*** Given entries Section Begins ***
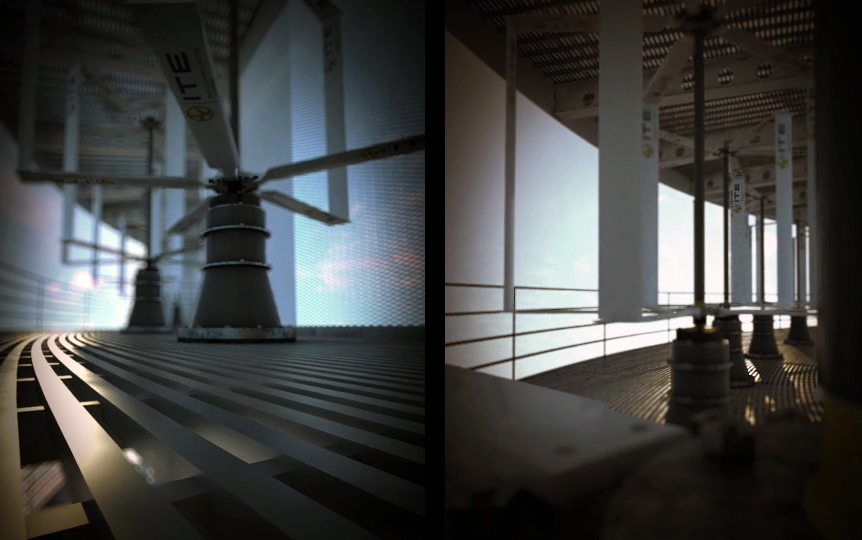 Las turbinas eólicas de eje vertical se disponen en las zonas curvas que unen los núcleos de comunicación. Tanto los aerogeneradores como los ascensores panorámicos están cubiertos por una envolvente metálica calada que, siendo permeable para el viento y las vistas, confiere a la estructura un aspecto monolítico. La construcción se realiza de una forma evidente y sencilla, gracias a la velocidad de los encofrados trepadores que permiten materializar el edificio como icono.
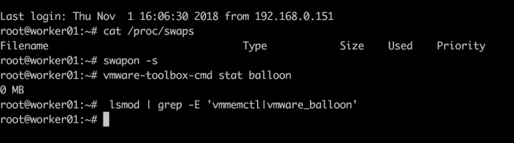 The interesting part is the dependencies of guest OS native memory management techniques. As a requirement, the swap file inside the guest OS needs to be set to disabled when you install Kubernetes. Otherwise, the kubelet won’t start. The swap file is the main reason why the balloon driver is so non-intrusive. It allows the guest OS to select memory page it deems fit. Typically these are idle pages and thus the working set of the application is not affected. What happens if the swap file is disabled. Is the balloon driver disabled? The answer is no.
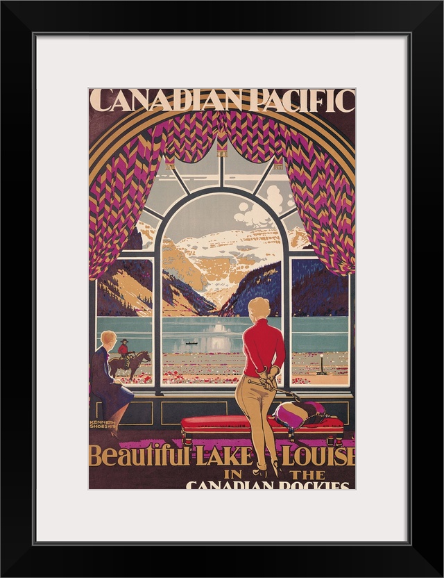 <p>Poster of Canadian Pacific, by Kenneth Shoesmith, 19th Century, cm 100 x 61 - Italy, Veneto, Treviso, Treviso, L. Bailo Civic Museum, Salce Collection. All. Poster advertising stained glass window panorama lake mountains horse knight women small figures c</p>
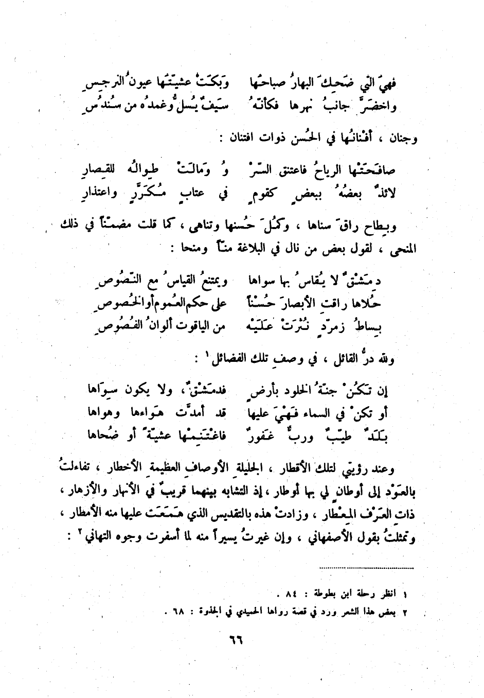 وعند رؤيتي لتلك الأقطار، الجليلة الأوصاف العظيمة الأخطار، فتاءلت بالعود إلى أوطان لي بها أوطار، إذ التشابه بينهما قريب في الأنهار والأزهار، ذات العرف المعطار، وزادت هذه بالتقديس الذي همعت عليها منه الأمطار، وتمثلت بقول الأصفهاني، وإن غيرت يسيراً منه لما أسفرت وجوه التهاني:
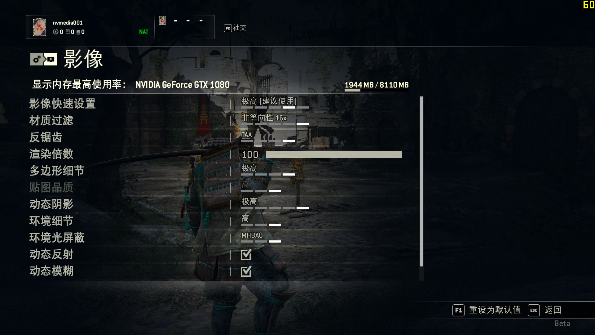 画面设置部分,游戏没有给我们太多多余的选项,在接下来的测试中笔者使用默认极高画面(TAA+MHBAO)设置并关闭垂直同步,使用1080P、2K、4K三种分辨率进行测试。
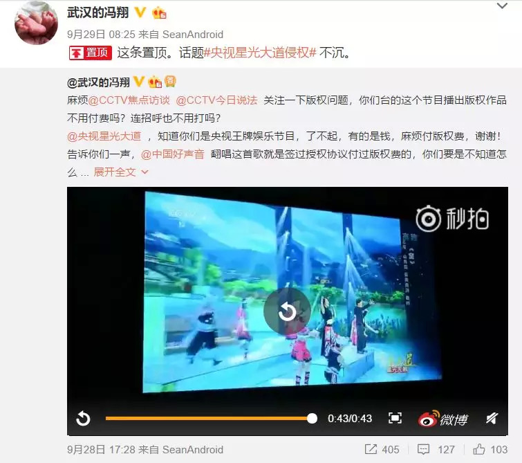 民谣音乐人冯翔这个国庆节过得有点糟心。一连七天,他都在微博上为自己的音乐《窗》被《星光大道》侵权一事发声。“凡侵权者,窃贼也。”他愤怒地在微博写到。但他的愤怒并没有被重视,冯翔告诉毒眸:“至今没有任何一个侵权方联系过我,接下来,我还是会争取通过法律程序解决。”
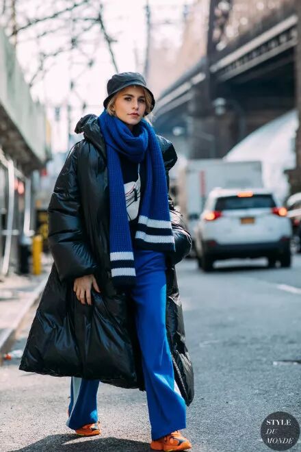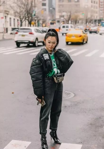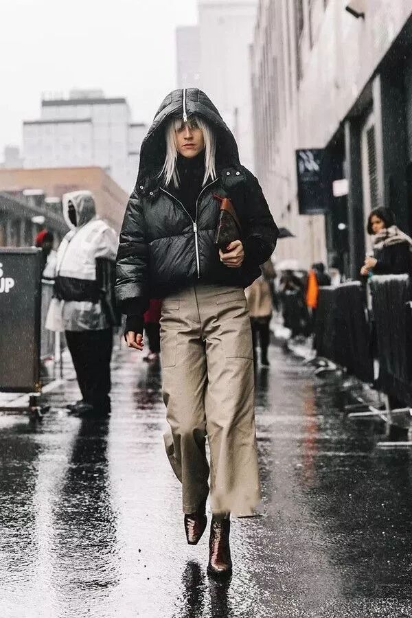 短款的羽絨服搭配闊腿褲,既能現出大長腿,又顯出girl crush風~但有一點要注意,一定要搭配高跟鞋,才能做到拉長視覺效果。
*** Given entries Section Ends ***
**Work instructions:** Set down exactly and only the lines from the start of the entries above through the line containing "The interesting part", both ends included, omitting the pictures.

**Response to this task:**
 Las turbinas eólicas de eje vertical se disponen en las zonas curvas que unen los núcleos de comunicación. Tanto los aerogeneradores como los ascensores panorámicos están cubiertos por una envolvente metálica calada que, siendo permeable para el viento y las vistas, confiere a la estructura un aspecto monolítico. La construcción se realiza de una forma evidente y sencilla, gracias a la velocidad de los encofrados trepadores que permiten materializar el edificio como icono.
 The interesting part is the dependencies of guest OS native memory management techniques. As a requirement, the swap file inside the guest OS needs to be set to disabled when you install Kubernetes. Otherwise, the kubelet won’t start. The swap file is the main reason why the balloon driver is so non-intrusive. It allows the guest OS to select memory page it deems fit. Typically these are idle pages and thus the working set of the application is not affected. What happens if the swap file is disabled. Is the balloon driver disabled? The answer is no.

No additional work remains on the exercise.